Official data from the Department for Transport (DfT) by the AA shows reveals that a third of England’s local roads are in urgent need of repair.

These local ‘B’ and ‘C’ roads account for around 28% of all roads in England. Local ‘A’ roads and motorways account for around 9% of the Local Authority managed road network, carrying approximately one-third of all traffic

A colourful picture

In the year ending March 2022, 6% of ‘B’ and ‘C’ rods were categorised as red, while 28% were amber and two-thirds (66%) were green.

Red means that the road needs maintenance, amber suggests maintenance required soon and green equates to no further investigation or work is needed at this time.

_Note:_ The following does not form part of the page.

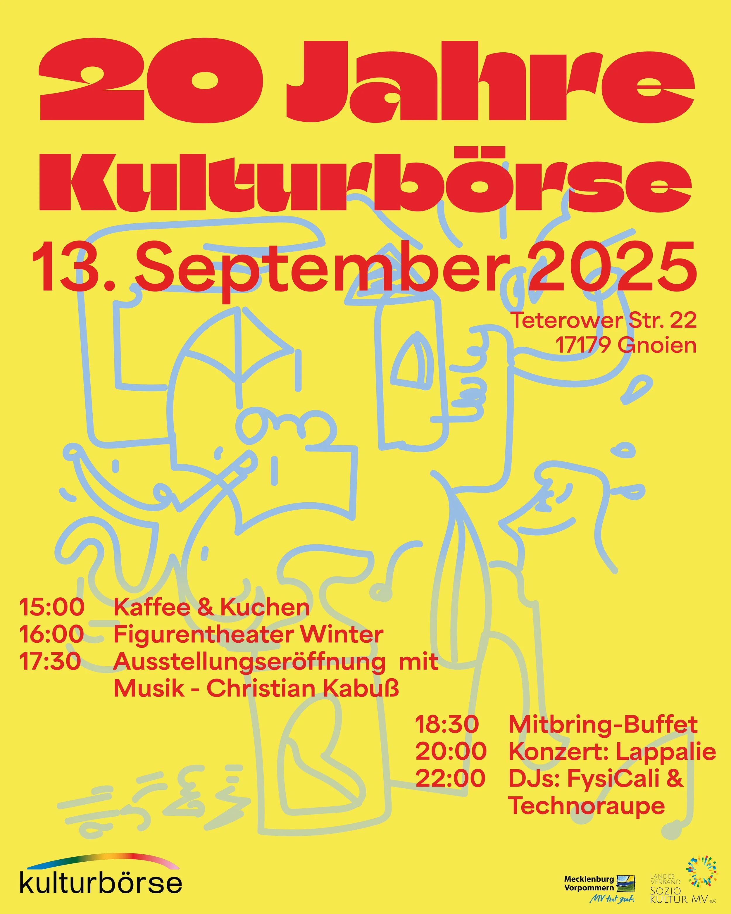 Am 13.9. ist unser jährliches Hoffest! Dieses Jahr mit einem Jubiläum - wir feiern 20 Jahre Kulturbörse. Kommt vorbei für Kaffee, Kuchen, ein Stück vom Figurentheater Winter, Ausstellung mit Christian Kabuß, Konzert von Lappalie und Musik von FysiCali und Technoraupe. Nicht zu vergessen unser Mitbring-Buffet!

Derbyshire Council has the worst B and C roads, with a quarter (24%) in need of repair.

In the year ending March 2022, 4% of local ‘A’ roads were categorised as red.

The majority of roads were categorised as green at 72%, followed by amber at 24%. These proportions remained the same as those seen in the year ending March 2021.

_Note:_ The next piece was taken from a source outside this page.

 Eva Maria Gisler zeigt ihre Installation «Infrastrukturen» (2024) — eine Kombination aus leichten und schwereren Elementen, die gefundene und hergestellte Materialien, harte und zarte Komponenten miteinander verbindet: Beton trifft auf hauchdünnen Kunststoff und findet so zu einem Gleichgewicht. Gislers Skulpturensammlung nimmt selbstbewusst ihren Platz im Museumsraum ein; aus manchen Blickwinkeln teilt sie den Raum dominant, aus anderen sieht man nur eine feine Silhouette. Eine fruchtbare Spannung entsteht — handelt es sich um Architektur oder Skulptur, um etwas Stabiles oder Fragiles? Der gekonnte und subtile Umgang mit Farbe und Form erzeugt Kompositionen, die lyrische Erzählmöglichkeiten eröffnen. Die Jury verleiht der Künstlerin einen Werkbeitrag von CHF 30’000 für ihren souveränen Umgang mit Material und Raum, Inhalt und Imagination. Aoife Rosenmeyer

The percentage of local ‘A’ roads categorised as red has remained at 4% since the year ending March 2020.

Of the 109 local authorities providing data for the year ending March 2022, 46 reported 2% or fewer red ‘A’ roads. However, three local authorities reported greater than 10%.

When looking at the proportion of ‘A’ roads categorised as red over time: 79% of local authorities reported an improvement or no change in the proportion of ‘A’ roads categorised as red between the years ending March 2013 and 2022, where data was available for both time periods.

Cuts will mean more holes

Looking at shorter term trends, 60% of local authorities reported an improvement or no change in the proportion of red ‘A’ roads since the year ending March 2019.

Jack Cousens, head of roads policy for the AA, said: “Roads across the country are in an awful state and with winter just around the corner the plague of potholes will only spread.

“Local roads are at great risk of becoming dangerous and need significant investment to make them safe,” he says.

“Our local roads cannot take another round of cuts. The Prime Minister and Chancellor should avoid slashing local road investment later this month.”

Unclassified roads make up three fifths of roads maintained by councils. The proportion of the unclassified road network categorised as red has fluctuated between 15% and 18% since measurement started in March 2007, and currently stands at 15%.

A bumpy ride

The state of the nations potholed roads has been a major concern for specialists and the public alike for many years. Anecdotal evidence disputes the official line that road conditions are stable. However, the official stats still reveal that conditions are not improving. The mild winters as well as lower traffic volumes during and since the pandemic hint that the problems could get seriously worse over the coming winter months. Icy conditions, snowfalls and salting and gritting will all aggravate the problems that already exist.This will only be exacerbated by government funding cuts as resources are directed at priority areas.

RAC head of roads policy Nicholas Lyes says it “does not bode well”.

RAC research shows that the majority of drivers believe local road conditions have worsened in the past 12 months. Its Pothole Index suggests drivers are around 1.5 times more likely to suffer a pothole-related breakdown than they were in 2006.

“A lack of adequate funding for the nation’s local roads remains the biggest issue and drivers will be wincing if any further cuts to budgets are announced in the forthcoming Autumn Statement,” continued Lyes.

“Cutting pothole funds would be huge backward step, heaping yet more misery onto drivers and businesses who will need to fork out for costly repairs to vehicles, while also increasing the risk of roads becoming safety hazards for cyclists.”

On the level

Department for Transport figures show that there was a slight improvement in the number of local roads categorised as ‘green’ – where no further investigation or work is required – since the year ending March 2021, rising from 64 to 66%.

There was also a slight decrease in the proportion of amber roads – where maintenance may be required soon – from 29 to 28%. Red roads – which should ‘be considered for maintenance – remained at six per cent.